Friday, September 12, 2008

Simply in Love

I had a really nice night tonight guys! Thanks!

You're right...i need to blog.

Law School Apps and Lsat prep can wait for one night.

I need to get this off my chest....


Its a sucky thing when your in love with your best friend. It's because when your not a 'couple' anymore and your actually bestfriend only....it hurts like hell. He loves me and says he's still in love with me but any talk of being a couple...or the fact that he's pretty much breaking my heart...he pulls away even more. He claims he just doesn't want to be in a relationship...and he just wants a friend. I'm willing to do that because no matter what we are each others better half and he knows that. He constantly reminds me that I'm apart of his family and that i could't get rid of him because he's there to stay. Thats easy for him to say...he's the one who wants the break...NOT ME. Its unfair that I have to be the understanding one and the good friend to accomidate his desire for us to be friends right now. Don't get me wrong...I love him with all of my heart and I have faith that we will get back together...sooner or later.
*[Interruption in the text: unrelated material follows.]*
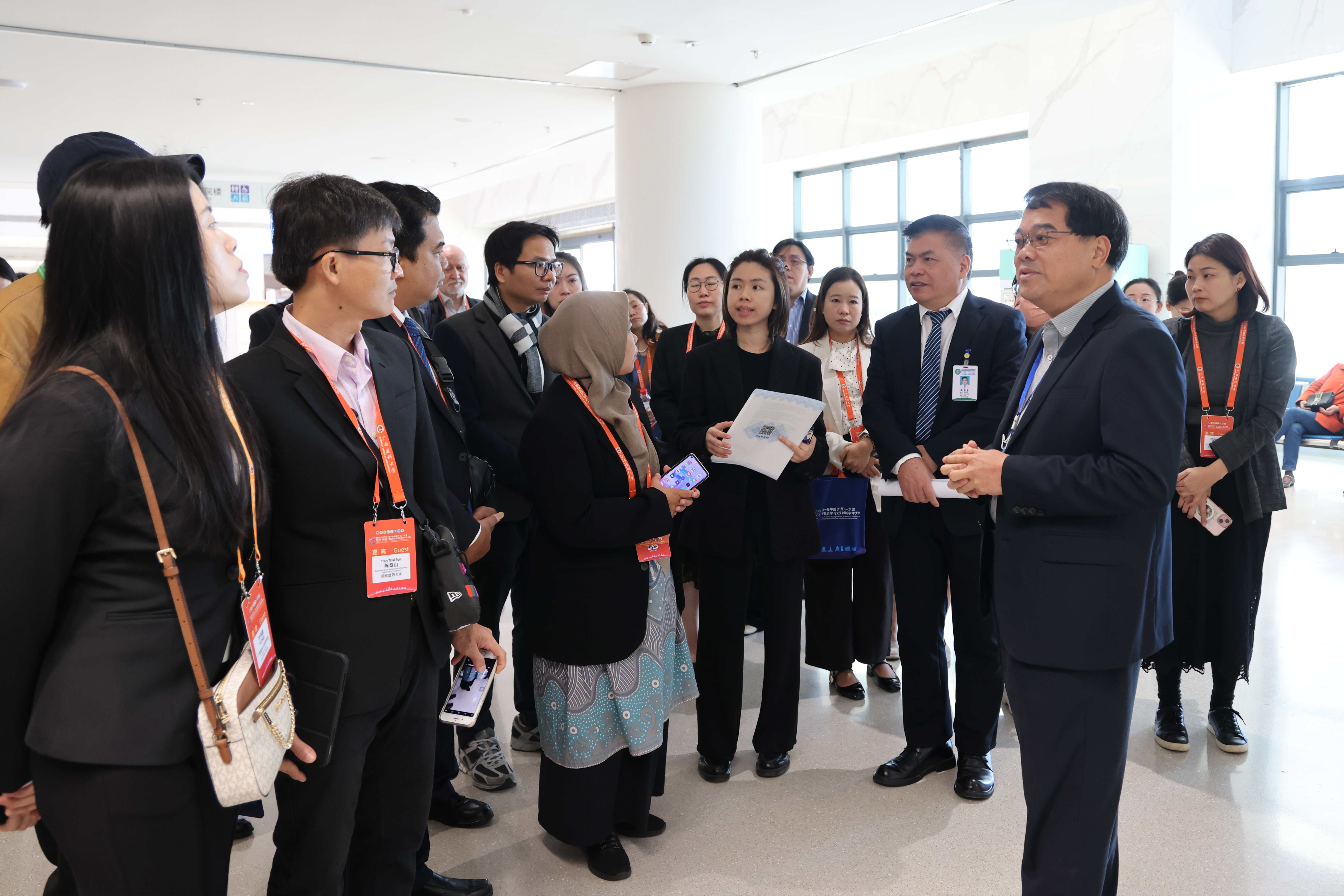 11月29日上午,来自东南亚国家及澳大利亚的9所大学一行18人的药学代表团到beat365在线唯一官网附属肿瘤医院五象院区访问交流。医院副院长钟小斌及药学部、国际医疗部、临床研究部负责人参加交流活动。

Another reason I am surviving this is because even before we were together...way back when...he's always said...he wants his girl to be his best friend. He want his wife to be his bestfriend. So....for now I really am just his best friend. When I think about it its not that bad. All those girls who may get the chance now to have some of his attention...have NOTHING on me. I know that I have a special place in his heart. Now while I can't promise that I won't evntually date and talk to other guys...I will keep the faith. God is wayyyy to good to me to cry anymore tears!